Machine learning model predicts C. difficile infection risk

C.Diff1

Every year nearly 30,000 Americans die from an aggressive, gut-infecting bacteria called Clostridium difficile (C. difficile), which is resistant to many common antibiotics and can flourish when antibiotic treatment kills off beneficial bacteria that normally keep it at bay. Investigators from MIT's Computer Science and Artificial Intelligence Laboratory (CSAIL), Massachusetts General Hospital (MGH), and the University of Michigan (U-M), now have developed investigational “machine learning” models, specifically tailored to individual institutions, that can predict a patient’s risk of developing C. difficile much earlier than it would be diagnosed with current methods. Preliminary data from their study, which is being published today in Infection Control and Hospital Epidemiology, were presented last October at the ID Week 2017 conference.

“Despite substantial efforts to prevent C. difficile infection and to institute early treatment upon diagnosis, rates of infection continue to increase,” says Erica Shenoy, MD, PhD, of the MGH Division of Infectious Diseases, co-senior author of the study and assistant professor of Medicine at Harvard Medical School. “We need better tools to identify the highest risk patients so that we can target both prevention and treatment interventions to reduce further transmission and improve patient outcomes.”

The authors note that most previous models of C. difficile infection risk were designed as “one size fits all” approaches and included only a few risk factors, which limited their usefulness. Co-lead authors Maggie Makar, MS, of CSAIL, and Jeeheh Oh, a U-M graduate student in Computer Science and Engineering, and their colleagues took a “big data” approach that analyzed the whole electronic health record (EHR) to predict a patient’s C. difficile risk throughout the course of hospitalization. Their method allows the development of institution-specific models that could accommodate different patient populations, different EHR systems and factors specific to each institution.

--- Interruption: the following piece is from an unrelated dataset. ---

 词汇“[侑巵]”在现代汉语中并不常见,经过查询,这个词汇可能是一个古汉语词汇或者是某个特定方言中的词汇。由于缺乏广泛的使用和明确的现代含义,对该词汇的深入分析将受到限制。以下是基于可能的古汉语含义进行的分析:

“When data are simply pooled into a one-size-fits-all model, institutional differences in patient populations, hospital layouts, testing and treatment protocols, or even in the way staff interact with the EHR can lead to differences in the underlying data distributions and ultimately to poor performance of such a model,” says Jenna Wiens, PhD, assistant professor of Computer Science and Engineering at U-M and co-senior author of the study. “To mitigate these issues, we take a hospital-specific approach, training a model tailored to each institution.”

Using their machine-learning-based model, the investigators analyzed de-identified data – including individual patient demographics and medical history, details of their admission and daily hospitalization, and the likelihood of exposure to C. difficile – from the EHRs of almost 257,000 patients admitted to either MGH or to Michigan Medicine – U-M’s academic medical center – over periods of two years and six years, respectively. The model generated daily risk scores for each individual patient that, when a set threshold is exceeded, classify patients as at high risk.

Overall, the models were highly successful at predicting which patients would ultimately be diagnosed with C. difficile. In half of those who were infected, accurate predictions could have been made at least five days before diagnostic samples were collected, which would allow highest-risk patients to be the focus of targeted antimicrobial interventions. If validated in prospective studies, the risk prediction score could guide early screening for C. difficile. For patients diagnosed earlier in the course of disease, initiation of treatment could limit the severity of the illness, and patients with confirmed C. difficile could be isolated and contact precautions instituted to prevent transmission to other patients.

The research team has made the algorithm code freely available here for others to review and adapt for their individual institutions. Shenoy notes that facilities that explore applying similar algorithms to their own institutions will need to assemble the appropriate local subject-matter experts and validate the performance of the models in their institutions.

Study co-author Vincent Young, MD, PhD, the William Henry Fitzbutler Professor in the Department of Internal Medicine at U-M, adds, “This represents a potentially significant advance in our ability to identify and ultimately act to prevent infection with C. difficile. The ability to identify patients at greatest risk could allow us to focus expensive and potentially limited prevention methods on those who would gain the greatest potential benefit. I think that this project is a great example of a ‘team science’ approach to addressing complex biomedical questions to improve healthcare, which I expect to see more of as we enter the era of precision health.”

Additional co-authors of the Infection Control and Hospital Epidemiology paper are Erin E. Ryan, MPH, CCRP, Lauren West, MPH, and David Hooper, MD, MGH Division of Infectious Diseases; Krishna Rao, MD, MS, Laraine Washer, MD, and Vincent Young, MD, PhD, University of Michigan Medical School; John Guttag, PhD, MIT Department of Electrical Engineering and Computer Science; and Christopher Fusco and Robert McCaffrey, Partners HealthCare Information Systems. The study was supported by the MGH-MIT Grand Challenge, National Science Foundation award IIS-1553146, National Institute of Allergy and Infectious Diseases grants U01 AI124255 and K01 AI110524, and a Morton N. Swartz Transformative Scholar Award.